-- Given entries follows --

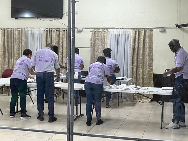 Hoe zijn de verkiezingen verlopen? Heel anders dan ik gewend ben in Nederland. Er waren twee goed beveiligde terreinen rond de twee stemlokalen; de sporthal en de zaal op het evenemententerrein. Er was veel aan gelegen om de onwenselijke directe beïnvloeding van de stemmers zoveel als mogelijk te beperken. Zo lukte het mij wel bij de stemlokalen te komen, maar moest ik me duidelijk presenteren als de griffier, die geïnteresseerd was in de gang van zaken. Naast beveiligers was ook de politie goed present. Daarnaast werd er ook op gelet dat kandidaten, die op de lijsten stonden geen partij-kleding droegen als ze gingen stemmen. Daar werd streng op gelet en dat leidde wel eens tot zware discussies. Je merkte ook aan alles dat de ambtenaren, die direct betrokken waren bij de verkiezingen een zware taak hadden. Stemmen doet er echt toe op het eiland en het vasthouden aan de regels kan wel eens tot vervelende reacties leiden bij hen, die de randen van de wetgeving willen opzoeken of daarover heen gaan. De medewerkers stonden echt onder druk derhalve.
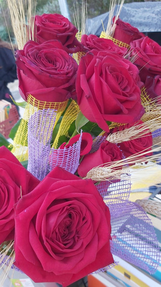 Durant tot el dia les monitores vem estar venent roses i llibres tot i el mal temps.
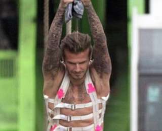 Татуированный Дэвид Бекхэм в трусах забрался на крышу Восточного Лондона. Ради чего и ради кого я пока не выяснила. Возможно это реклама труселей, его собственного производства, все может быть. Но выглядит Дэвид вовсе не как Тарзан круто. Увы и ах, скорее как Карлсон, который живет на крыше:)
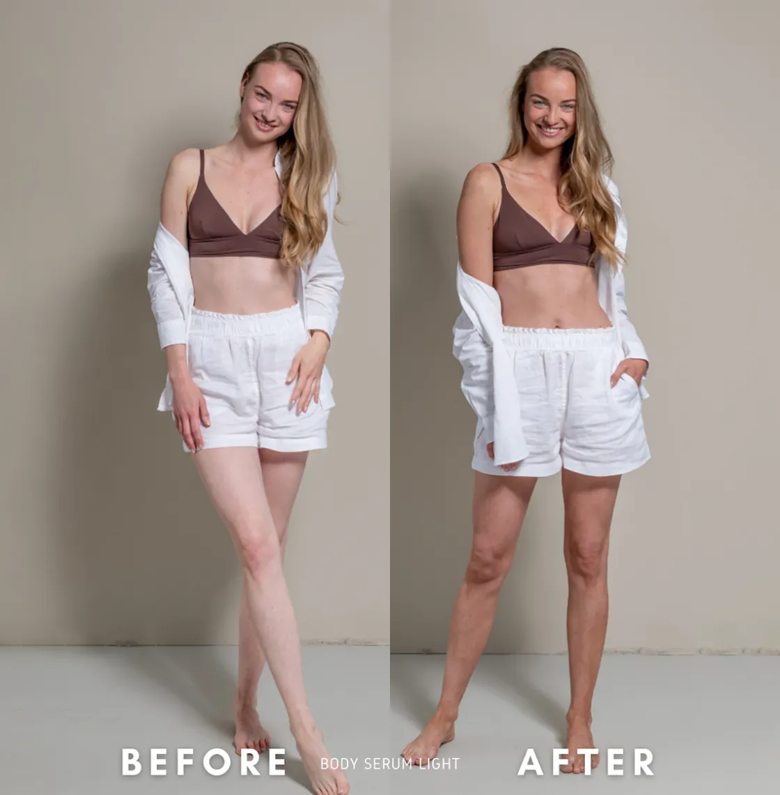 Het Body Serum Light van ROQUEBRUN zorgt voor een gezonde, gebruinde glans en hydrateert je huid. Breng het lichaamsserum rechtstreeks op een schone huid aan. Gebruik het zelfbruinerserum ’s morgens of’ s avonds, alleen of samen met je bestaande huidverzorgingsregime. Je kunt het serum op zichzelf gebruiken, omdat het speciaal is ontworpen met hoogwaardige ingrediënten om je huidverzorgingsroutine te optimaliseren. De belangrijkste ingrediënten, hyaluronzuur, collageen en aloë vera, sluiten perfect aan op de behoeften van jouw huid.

-- Given entries concluded --
-- Given entries follows --

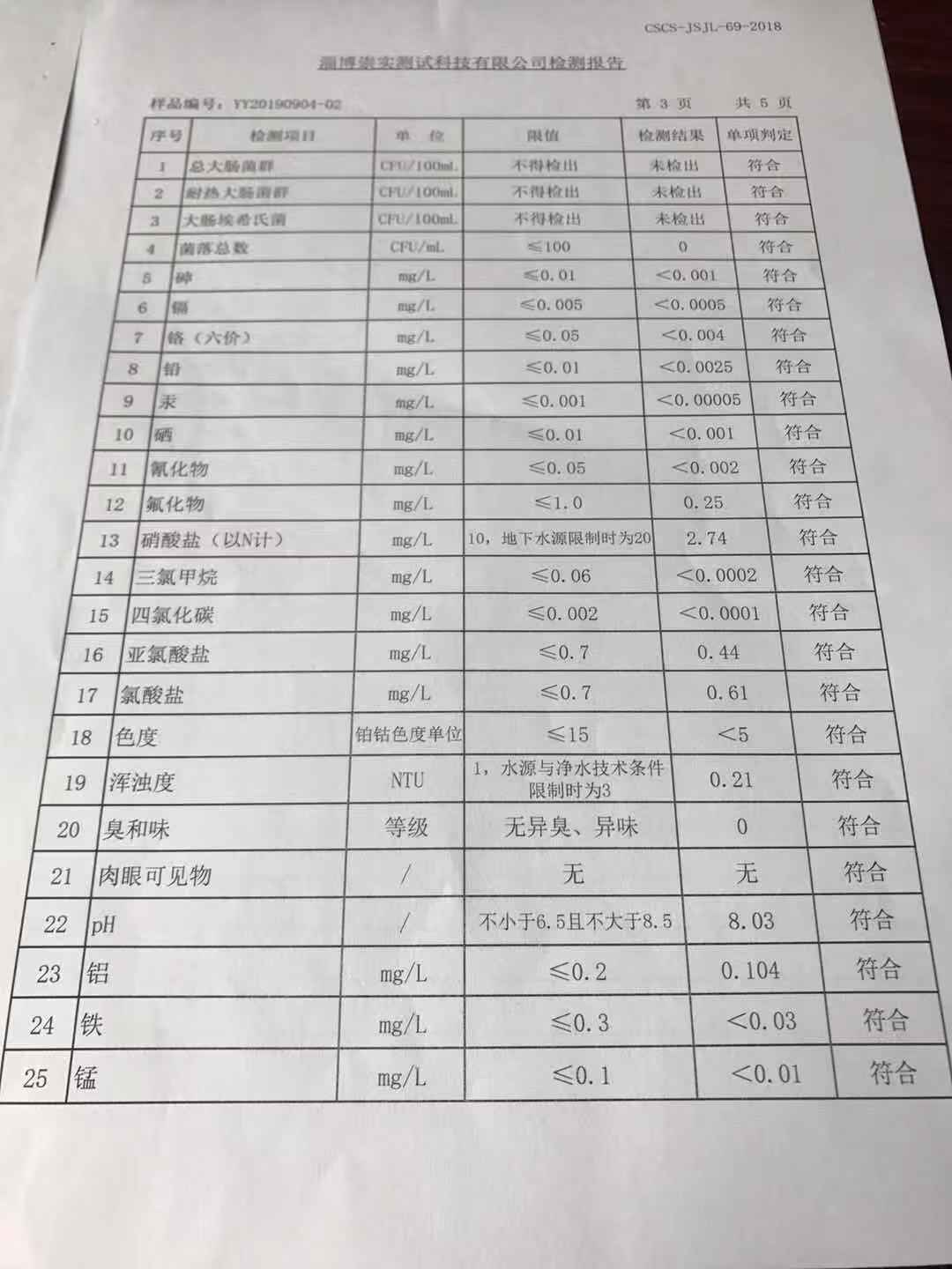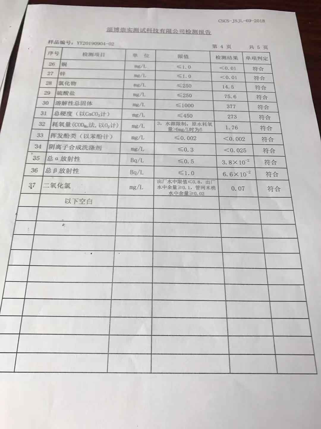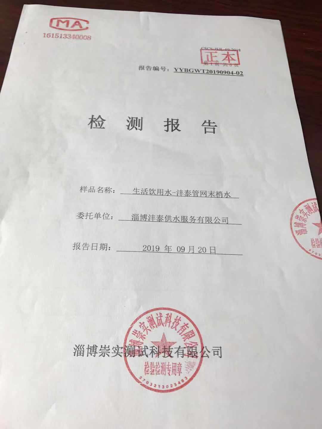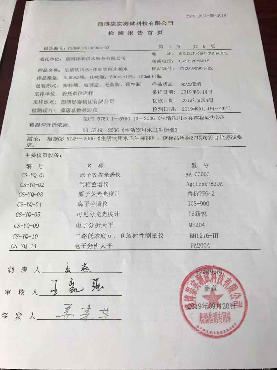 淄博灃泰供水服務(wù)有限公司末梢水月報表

-- Given entries concluded --

▶ Exercise objective
Your answer should be the exact lines above from the one containing "Hoe zijn de" through the one containing "Durant tot el", with both end lines kept and the pictures removed, please.

▶ Response for this exercise
 Hoe zijn de verkiezingen verlopen? Heel anders dan ik gewend ben in Nederland. Er waren twee goed beveiligde terreinen rond de twee stemlokalen; de sporthal en de zaal op het evenemententerrein. Er was veel aan gelegen om de onwenselijke directe beïnvloeding van de stemmers zoveel als mogelijk te beperken. Zo lukte het mij wel bij de stemlokalen te komen, maar moest ik me duidelijk presenteren als de griffier, die geïnteresseerd was in de gang van zaken. Naast beveiligers was ook de politie goed present. Daarnaast werd er ook op gelet dat kandidaten, die op de lijsten stonden geen partij-kleding droegen als ze gingen stemmen. Daar werd streng op gelet en dat leidde wel eens tot zware discussies. Je merkte ook aan alles dat de ambtenaren, die direct betrokken waren bij de verkiezingen een zware taak hadden. Stemmen doet er echt toe op het eiland en het vasthouden aan de regels kan wel eens tot vervelende reacties leiden bij hen, die de randen van de wetgeving willen opzoeken of daarover heen gaan. De medewerkers stonden echt onder druk derhalve.
 Durant tot el dia les monitores vem estar venent roses i llibres tot i el mal temps.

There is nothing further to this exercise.